| DATASET ENTRIES |
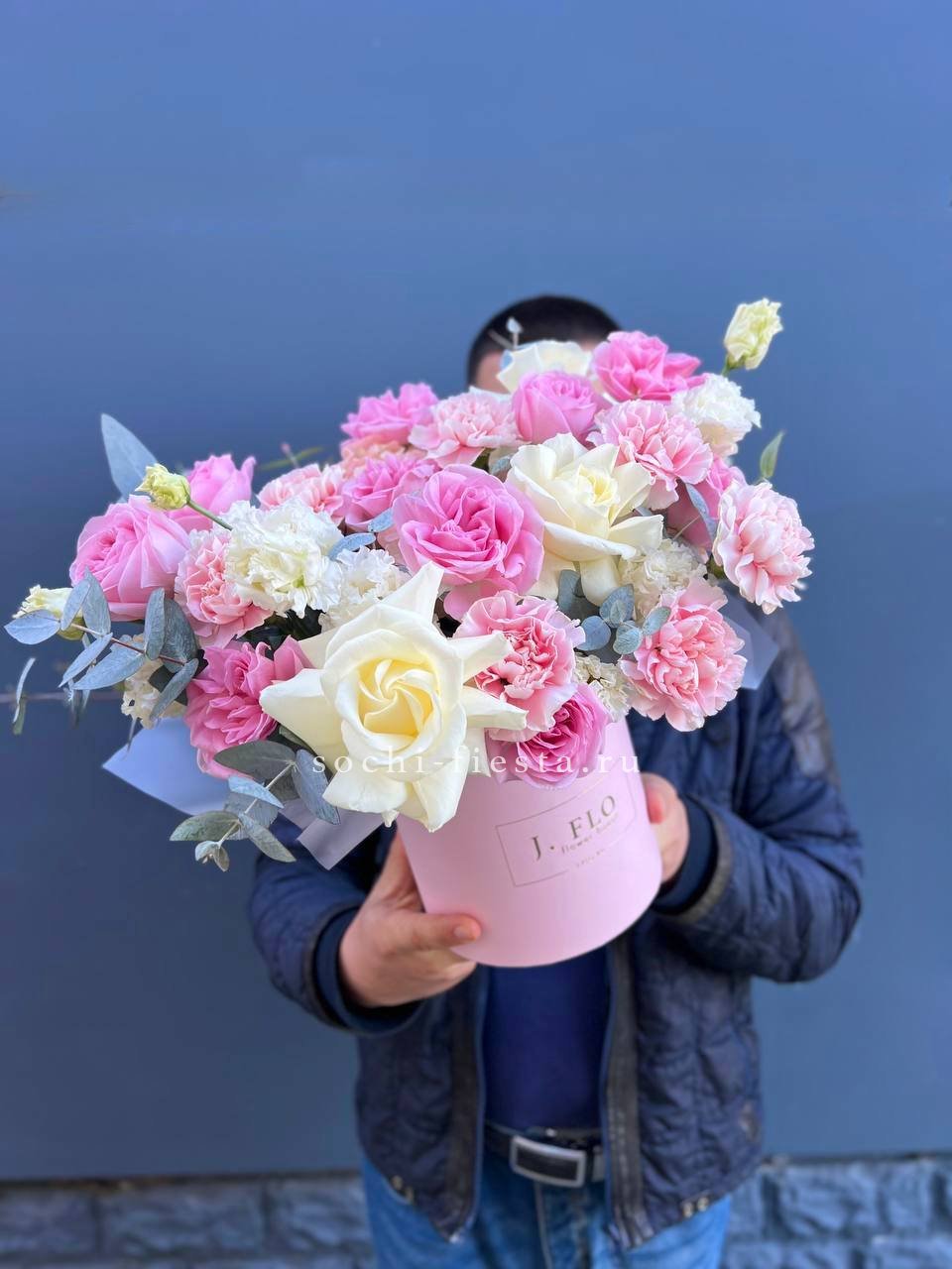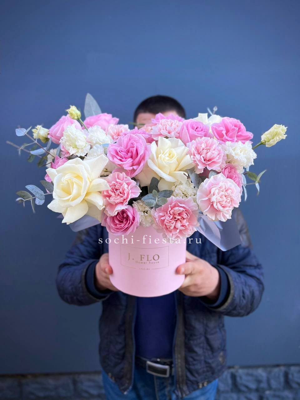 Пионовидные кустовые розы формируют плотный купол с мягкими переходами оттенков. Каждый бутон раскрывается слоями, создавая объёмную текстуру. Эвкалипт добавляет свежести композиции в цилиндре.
--
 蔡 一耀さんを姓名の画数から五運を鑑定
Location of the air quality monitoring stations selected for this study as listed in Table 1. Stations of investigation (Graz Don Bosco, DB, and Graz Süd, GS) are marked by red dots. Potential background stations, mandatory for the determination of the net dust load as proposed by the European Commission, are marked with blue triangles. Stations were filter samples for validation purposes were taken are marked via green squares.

| EXERCISE INSTRUCTIONS |
Leave out every line above except those from the line with "蔡 一耀さんを姓名の画数から五運を鑑定" up to and including the line with "Location of the", and copy those exactly.

| REPLY TO THE EXERCISE |
 蔡 一耀さんを姓名の画数から五運を鑑定
Location of the air quality monitoring stations selected for this study as listed in Table 1. Stations of investigation (Graz Don Bosco, DB, and Graz Süd, GS) are marked by red dots. Potential background stations, mandatory for the determination of the net dust load as proposed by the European Commission, are marked with blue triangles. Stations were filter samples for validation purposes were taken are marked via green squares.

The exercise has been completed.